Ada juga bantuan pangan dan program penanganan stunting yang menyasar ibu hamil dari keluarga berisiko. Besaran dan bentuk bantuannya berbeda-beda, bergantung pada program dan daerah. Tidak ada skema bantuan tunai Rp 3 juta yang bisa diklaim siapa saja tanpa syarat.

Syarat Penerima Bantuan Resmi

Bantuan sosial untuk ibu hamil hanya diberikan kepada keluarga yang memenuhi kriteria dan sudah terdata. Berikut syarat umum yang berlaku.

  • Terdaftar dalam Data Terpadu Kesejahteraan Sosial (DTKS) yang dikelola Kementerian Sosial.
  • Berstatus sebagai keluarga penerima manfaat (KPM) program bansos yang aktif.
  • Memiliki kondisi kehamilan yang tercatat dan bisa diverifikasi oleh pendamping sosial.
  • Berdomisili sesuai data kependudukan yang tercatat di desa atau kelurahan.

Warga yang merasa memenuhi kriteria tetapi belum terdata bisa mengajukan diri melalui aparat desa atau kelurahan. Prosesnya tidak dipungut biaya dan tidak memerlukan perantara.

Cara Cek Status Penerima

Untuk memastikan apakah seseorang terdaftar sebagai penerima bansos, pengecekan bisa dilakukan secara mandiri. Berikut langkahnya.

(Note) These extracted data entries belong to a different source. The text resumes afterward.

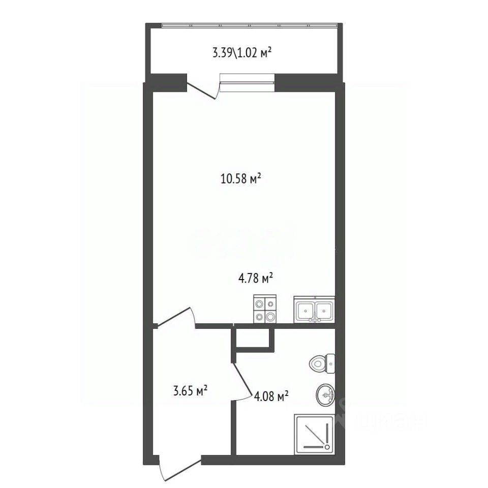 • Oбщaя площадь квaртиры: 23.1 кв.м. с балконом 24.2 кв. м
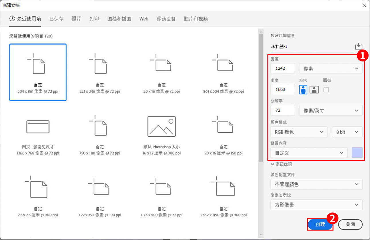 1 启动Photoshop,按Ctrl+N组合键,弹出“新建文档”对话框,设置宽度为1242像素,高度为1660像素,分辨率为72像素/英寸,颜色模式为RGB颜色,背景内容为淡紫色(193,205,254)。单击“创建”按钮,新建文档。
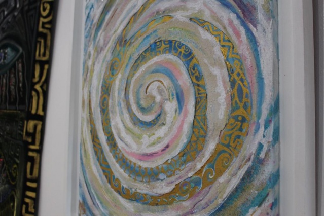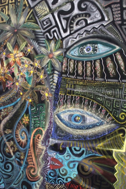 Nadège Gabbero a choisi une approche sensorielle. Elle a mélangé des matières sur ses toiles : poudre de marbre, papier de soie, sables, teintures ou encore des fibres végétales. Ces multiples médias et techniques utilisés font ressortir des signes, des motifs et symboles propres à la Polynésie qui l’a vu grandir.
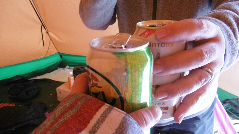 で ほとんど設営が終わったところで やっと乾杯♪
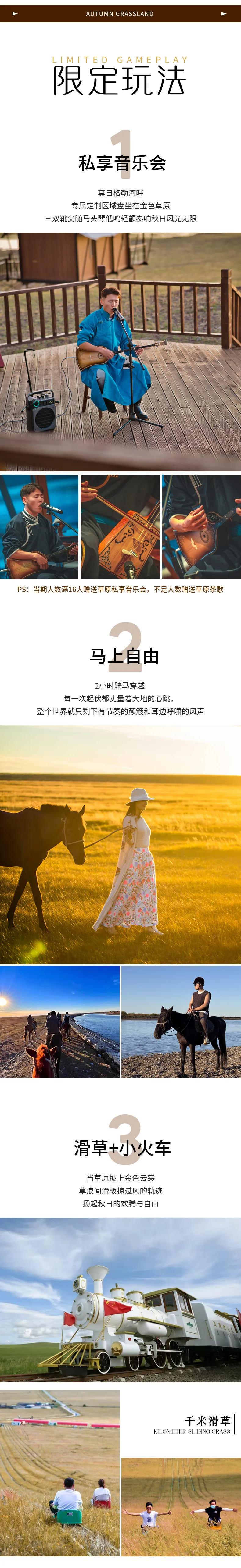 7、草原上骑马要在指定范围内活动,以免迷失方向或破坏草场。在大草原上骑马畅游,要带手套及旅游鞋。草原骑马时,一定要听从当地牧马人的安排和指挥,以免发生危险。骑马需注意安全,更不能骑马奔跑,险路和下坡路必须下马步行,否则容易受伤。尽量不要在备马区奔跑嬉戏喧哗,以免吓到马。不要在马附近开自动伞,接近马时不要做剧烈运动,以免使马受惊。不要随便给马喂食,防止被马咬伤。1.2米以下、60周岁以上不建议骑马。
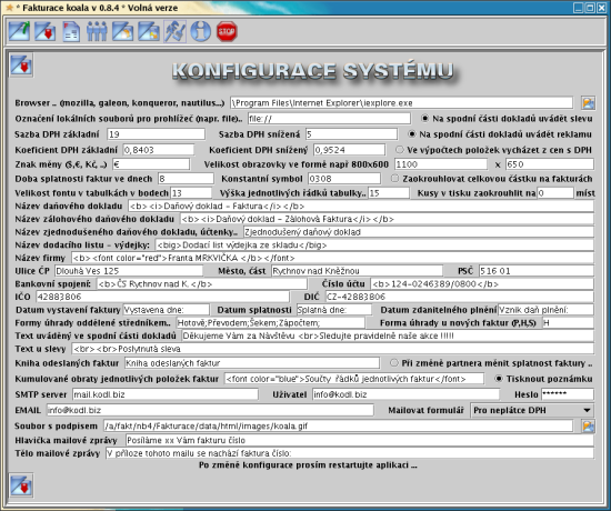 Všechny výstupní formuláře můžeme upravit namíru jakýmkoliv požadavkům. Všechny vystavené formuláře lze velmi lehce odeslat elektronickou poštou. Aplikace obsahuje také podrobnou příručku s vysvětlením všech pracovních postupů. V aplikaci je automaticky zapracován systém slev. Díky použité technologii Vám pokud to bude potřeba tuto aplikaci můžeme přizpůsobit během velmi krátké doby (řádově dny nebo hodiny). Pro vážné zájemce můžeme dodat i definice formulářů v němčině, angličtině a slovenčině (popř. Vám upravíme formuláře do jakéhokoliv jazyka, podle Vámi dodaného vzoru). Download programu zahájíte kliknutím na jeho obrázek ... Pokud Vám stažená aplikace nejde spustit, zkuste prosím ještě tuto verzi se zabudovaným runtime, která je ke stažení zde
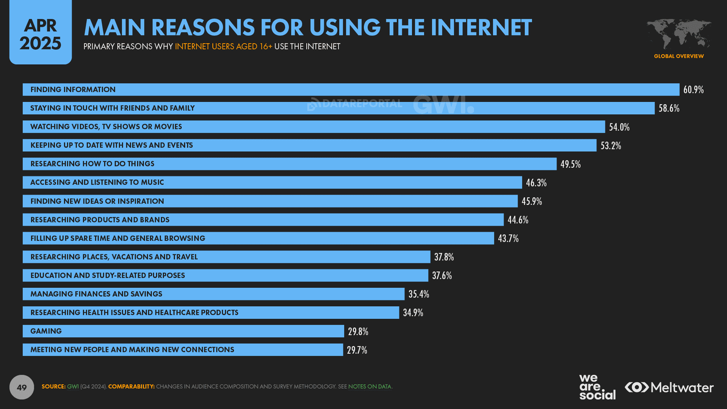 Our Digital 2025 April Global Statshot Report reveals that “finding information” remains the primary reason why people use the internet today.
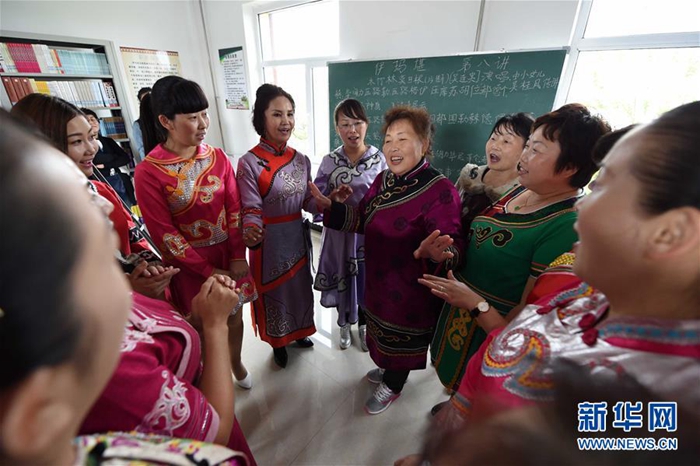 在同江市八岔赫哲族伊瑪堪傳習(xí)所,學(xué)員在學(xué)習(xí)伊瑪堪(2016年5月25日攝)。新華社記者 王建威 攝

  1. Buka situs resmi cekbansos.kemensos.go.id melalui peramban.
  2. Masukkan nama lengkap sesuai KTP, provinsi, kabupaten atau kota, kecamatan, dan desa atau kelurahan.
  3. Ketik kode verifikasi yang muncul di layar, lalu klik tombol cari.
  4. Hasil pencarian akan menampilkan status apakah nama tersebut terdaftar sebagai penerima bansos.

Pengecekan juga bisa dilakukan lewat aplikasi Cek Bansos yang tersedia di toko aplikasi resmi. Jangan pernah memasukkan data pribadi ke situs selain domain pemerintah.

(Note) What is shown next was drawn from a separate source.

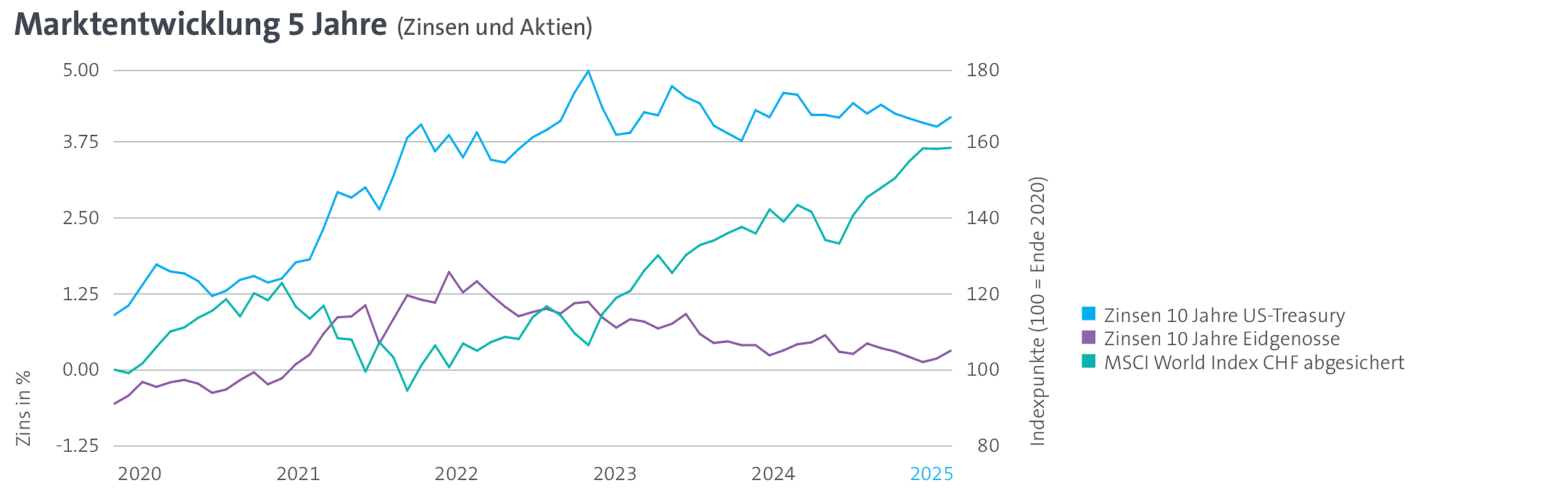 Dieses Marktumfeld führte zu einer insgesamt flachen Kursentwicklung bei Schweizer Anleihen, während globale Anleihen in Lokalwährung positive Renditen erzielten. Die Bonitätsaufschläge für Unternehmensanleihen entwickelten sich seitwärts. Die Aktienmärkte verzeichneten weltweit und über alle Regionen hinweg breite Kursgewinne. Entscheidend war der Umgang mit der USD‑Währungsabsicherung: Der globale Aktienindex erzielte mit Absicherung gegenüber dem Schweizer Franken eine Rendite von rund +14% (siehe grüne Linie in der Grafik), während sie ohne Absicherung lediglich etwa +6% betrug.

Jadwal dan Penyaluran Bantuan

Penyaluran bansos resmi dilakukan secara bertahap sesuai jadwal yang ditetapkan pemerintah. Pencairan umumnya melalui bank penyalur yang ditunjuk, seperti bank anggota Himbara, atau melalui kantor pos bagi daerah tertentu.

Jadwal pencairan setiap program berbeda dan diumumkan lewat kanal resmi Kementerian Sosial serta pemerintah daerah. Penerima manfaat tidak perlu mendaftar ulang setiap tahap. Status kepesertaan yang sudah aktif akan tetap berjalan selama data tidak berubah.

Informasi soal jadwal yang beredar di media sosial sebaiknya dicocokkan dengan pengumuman resmi. Jika tidak ada pengumuman dari kanal pemerintah, jadwal yang beredar patut dicurigai.

Cara Melaporkan Hoaks dan Penipuan

Unggahan hoaks bansos yang meminta data pribadi bisa dilaporkan ke Kementerian Sosial melalui kanal pengaduan resmi. Laporan juga bisa disampaikan ke pemerintah desa atau kelurahan setempat untuk diteruskan ke dinas sosial.

Masyarakat diminta tidak mengirim foto KTP, kartu keluarga, atau data rekening kepada pihak yang mengaku sebagai petugas bansos. Petugas resmi tidak pernah meminta data pribadi lewat pesan pribadi atau tautan tidak resmi.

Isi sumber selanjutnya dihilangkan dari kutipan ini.